Visa and Mastercard are reportedly close to reaching a long-awaited settlement with U.S. merchants that could lower the transaction fees retailers pay and give them more control over which types of credit cards they accept. According to a Wall Street Journal report, the agreement would end a legal dispute dating back to 2005 and mark a major shift in how payment networks manage interchange, or “swipe,” fees.
Under the proposed deal, Visa and Mastercard would reduce interchange fees — typically ranging between 2% and 2.5% per transaction — by roughly 0.1 percentage point on average over several years. The companies are also expected to ease the “honor all cards” rule, which currently forces merchants that accept one card type from a network to accept all of them, including premium rewards cards with higher fees. This change could allow retailers to decline higher-cost cards and promote cheaper payment options for consumers.
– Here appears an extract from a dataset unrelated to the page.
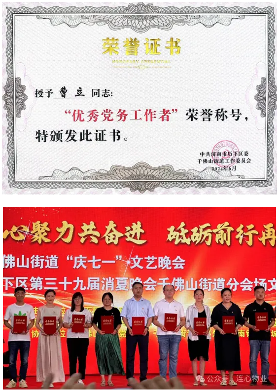 會場文藝匯演中還表彰了街道“優(yōu)秀共產(chǎn)黨員”“優(yōu)秀黨務(wù)工作者”“先進(jìn)基層黨組織”等獲獎?wù)?/span>。濟(jì)南連心物業(yè)有限公司黨支部曹立榮獲千佛山街道“優(yōu)秀黨務(wù)工作者”榮譽(yù)稱號。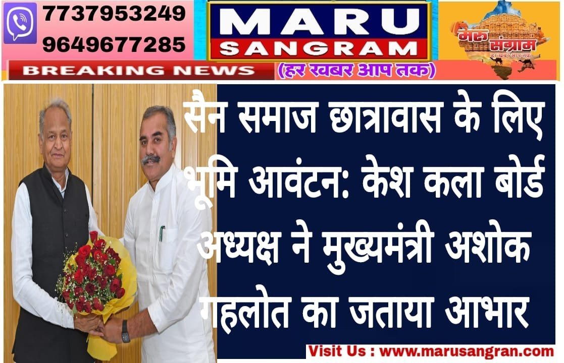 सैन समाज छात्रावास के लिए भूमि आवंटन: केश कला बोर्ड अध्यक्ष ने मुख्यमंत्री गहलोत का जताया आभार…..

The settlement discussions include dividing credit card acceptance into multiple categories, such as rewards cards, no-reward cards, and commercial cards. Additionally, the agreement could impact surcharging policies, potentially giving merchants more flexibility to add fees for certain transactions, sources told the Journal.
This latest effort follows a massive $30 billion settlement reached last year, where Visa and Mastercard agreed to cap merchant card fees by reducing swipe rates by at least 0.04 percentage points for three years and maintaining rates below current levels for five years. Both companies have consistently denied wrongdoing in these cases.
Merchants have long argued that high swipe fees and restrictive anti-steering rules have inflated costs and limited their ability to guide customers toward lower-cost payment methods. The anticipated settlement, if finalized, could bring meaningful relief to retailers and reshape how credit card transactions operate across the U.S. payment ecosystem.